By David Madden
Although as reader, novelist, and as teacher of creative writing for 60 years, I find little of use in Jane Alison’s Meander, Spiral, Explode: Design and Pattern in Narrative, I recommend it highly, because I imagine others may make use of it.
Setting Aristotle respectfully aside, Alison describes new modes of experimental fiction. Her book is “a museum of specimens,” exhibiting long summaries of and commentaries on about 30 novels and stories by writers “exploiting the visual and finding patterns other than the arc inside their stories.”
The author of four novels and a professor of creative writing, Alison expresses her views and insights lucidly. “SPIRAL: think of a fiddlehead fern, whirlpool, hurricane, horns twisting from a ram’s head, or a chambered nautilus. MEANDER: picture a river curving and kinking, a snake in motion, a snail’s silver trail, or the path left by a goat grazing the tenderest greens. RADIAL OR EXPLOSION: a splash of dripping water, petals growing from a daisy’s heart, light radiating from the sun, the ring left around a tick bite.”

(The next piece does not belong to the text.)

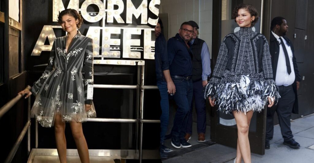 استغنت زيندايا عن الياقة الضخمة التي ظهرت في العرض الأصلي للمجموعة، وهو قرار موفق جعل الإطلالة تبدو أقل حدة وأكثر ملاءمة للقاء تلفزيوني دافئ، دون أن تفقد بريق “الهوت كوتور”.

Along with five other novels, Marguerite Duras’ The Lover, about the rise and fall of a sexual affair,serves to illustrate Alison’s concept of “meander” as a form. “Reading The Lover might be like following the Mekong River and its oxbow.” It “works with two patterns at once, moiré: a wave and a meander.”
Among other writers, Alison analyses works by Joyce Carol Oates, Nabokov, Philip Roth, Robbe-Grillet, Susan Minot, and Raymond Carver.
The very terms she has marshaled vividly describe ways the works she has chosen might be read and possibilities that fiction writers might explore: meander, spiral, explode, point, line, texture, flow, color, waves and wavelets, radials, networks, cells, fractals, narrative hydraulics, tsunami, vitality held, and relentless repetition, as in pieces by Gertrude Stein and Jamaica Kincaid.
Listening to Franz Shubert’s “Fantasy in F Minor” for four hands last night, I longed to be able to write a novel patterned, with varied pace, after musical form. So I do appreciate Jane Alison’s desire to orchestrate a new approach to fiction. Her writing is lyrical, and her book is symphonic.
David Madden is the author of 11 novels and 4 collections of stories, the latest of which is Marble Goddesses and Mortal Flesh. Revising Fiction delineates his advocacy for an emphasis upon the craft of fiction. His most recent work is The Voice of James M. Cain: An Innovative Biography.